Start of Block
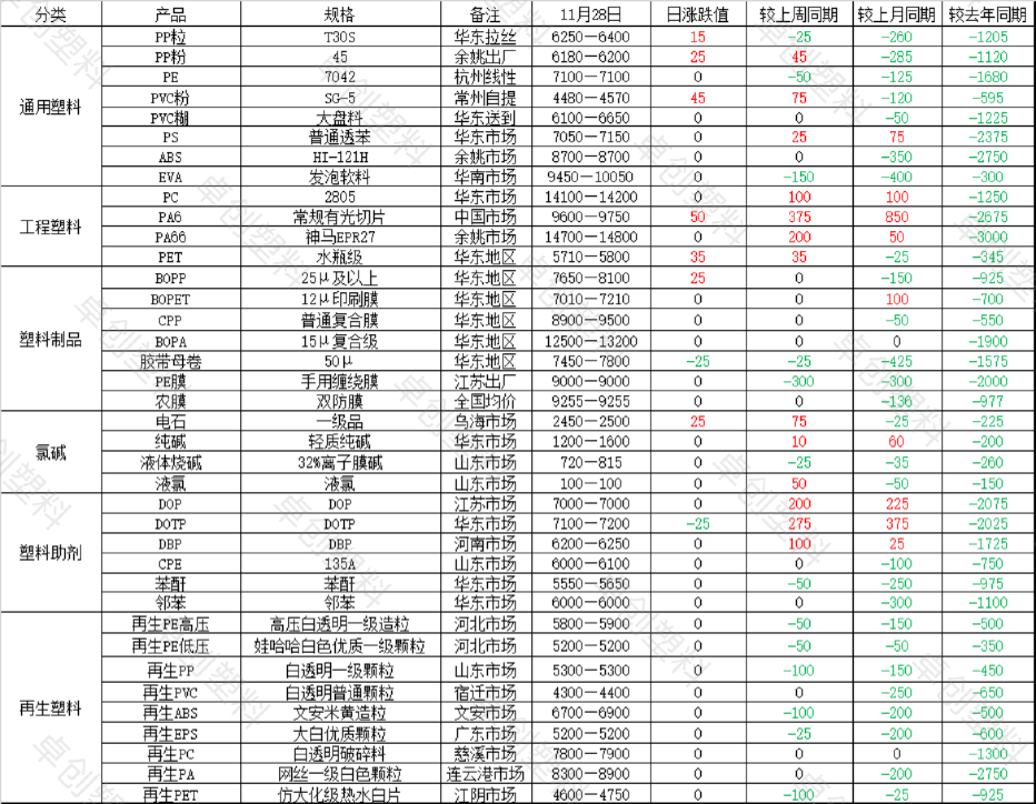 备注:以上表中所取价格为各产品代表市场或是代表区域价格,价格为截止到16:30的收盘价格,更多市场价格及详情内容请关注卓创资讯各产品网站或手机客户端。
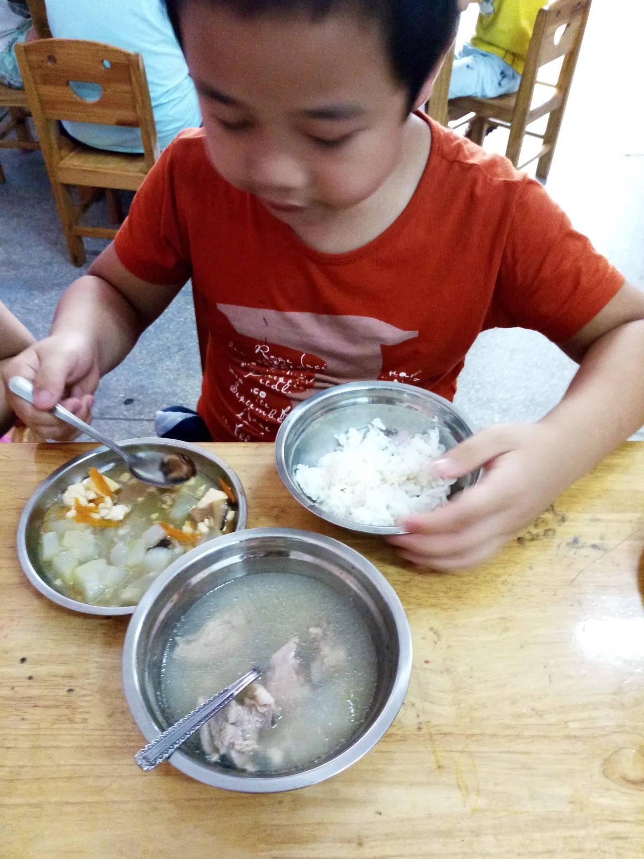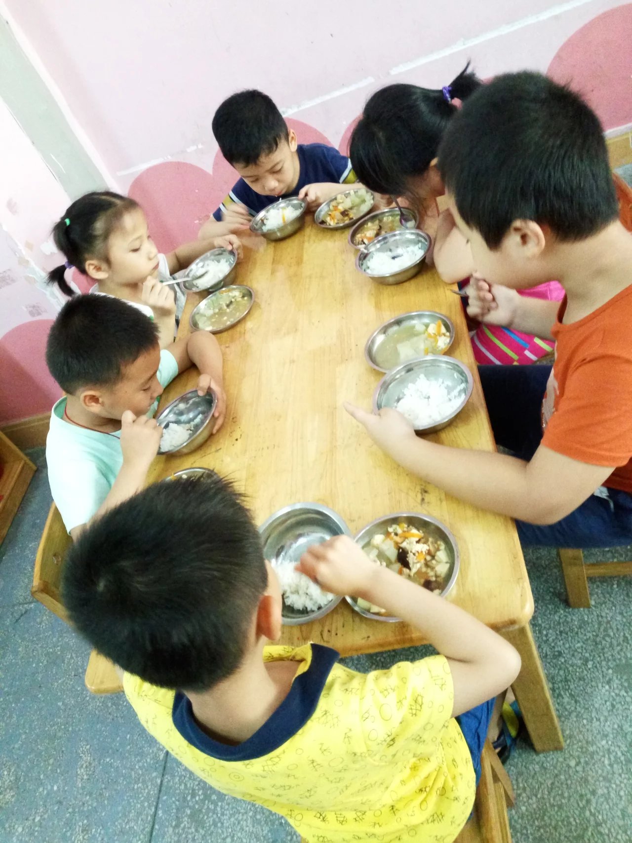 叮咚。。。。。午餐时间到咯!宝源幼儿园的孩子们正在吃午饭哦!你瞧!一口饭一口菜不挑食也不掉饭粒。真棒!
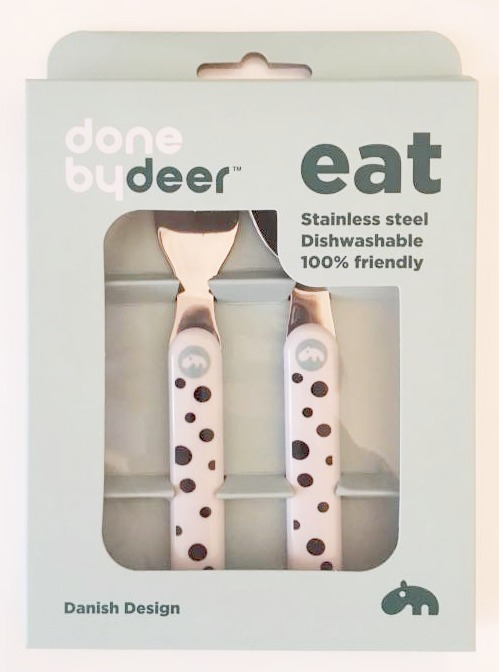Praktiska bestick fulla av ”happy dots” och perfekta hjälpmedel för att lära barnet att äta själv. Besticken är såväl säkra för barnets fingrar som tålig för tvätt i diskmaskinen. Material: Rostfritt stål med ABS handtag. Använd ej i mikrovågsugnen. Storlek: 14 cm.Designer: Done by deer
End of Block
» **What is required**
Output the lines above verbatim, images excluded.

» **Answer box**
 备注:以上表中所取价格为各产品代表市场或是代表区域价格,价格为截止到16:30的收盘价格,更多市场价格及详情内容请关注卓创资讯各产品网站或手机客户端。
 叮咚。。。。。午餐时间到咯!宝源幼儿园的孩子们正在吃午饭哦!你瞧!一口饭一口菜不挑食也不掉饭粒。真棒!
Praktiska bestick fulla av ”happy dots” och perfekta hjälpmedel för att lära barnet att äta själv. Besticken är såväl säkra för barnets fingrar som tålig för tvätt i diskmaskinen. Material: Rostfritt stål med ABS handtag. Använd ej i mikrovågsugnen. Storlek: 14 cm.Designer: Done by deer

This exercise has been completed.